Inspired by this video by ChemKnits, I felt like a cake dye would be most fun.

The yarn:

KnitPicks Bare – Sport Weight – 75% superwash Merino wool, 25% Nylon

274 yards/100 grams each

The dyes: PAAS egg dye tablets

The process:

First, egg dyeing. Can’t steal focus from kiddo’s fun.

Then, Presoak 30 minutes: 1.25 gallons water, 1.4 cups white vinegar, two 100 gram skeins

I had bought two egg kits at the store for different techniques and accessories. But we didn’t need the duplicate tablets.

I also saved some of the leftover egg dye. I figure, it’s pre-dissolved, but it’s just vinegar, water and dye.

Following ChemKnits’ idea, I jammed one and a half tablets into each cake of yarn. For the record, I think it’s 1 pellet of strawberry red plus half a pellet of pink in one, and 1 purple and half a pink in the other.

I jammed them in the middle, covering the gap with yarn. There’s a reason I picked reddish hues for the middle. I read somewhere that red dye would pick up faster into the yarn than blue. This might be crucial, because in the middle they will get less exposure to the bath and may dissolve slower.

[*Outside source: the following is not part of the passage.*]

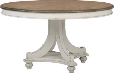 Bring a classically inspired look into your dining space with the French Market dining table. The traditional appearance is enhanced by the chipped white distressed finish giving this piece an antique appeal. An oak veneer 54 inch round table top in a beautiful brown finish provides an exquisite surface to host any gathering. Four stylish oval back side chairs provide comfortable seating for this set. This dining room features a footprint ideal for smaller spaces such as apartments or condos.

At least, that’s my thinking.

I poured some leftover, pre-dissolved stuff around the middle region of each ball and squeezed to move the dye through. (Purple on the one with the red center, blue on the one with a purple center).

Then I put them in the dye bath, and poured a blue-green leftover around the outside. Then dissolved another blue tablet and another green tablet in about a tablespoon of vinegar each (for the record, I tried just dumping them straight in the vinegar-water bath and they just weren’t dissolving, so I pulled them out and went the pure vinegar route to dissolve the tablets first).

It took forever for the dye bath to look exhausted. After about 30 minutes, I remembered from a previous food color dyeing adventure, that red colors seem to sink, and blue colors rise. The bottom of my cakes were looking pretty bare at that point. So I started flipping them over in the water every ten minutes. That helped even out the blue. But the bottom centers still looked pretty red.

After about 2.5 hours of simmering, it was nearly time for bed, so I drained them. The water in the pot was still looking bluish, but it looked pretty clear when I squeezed the cakes of yarn.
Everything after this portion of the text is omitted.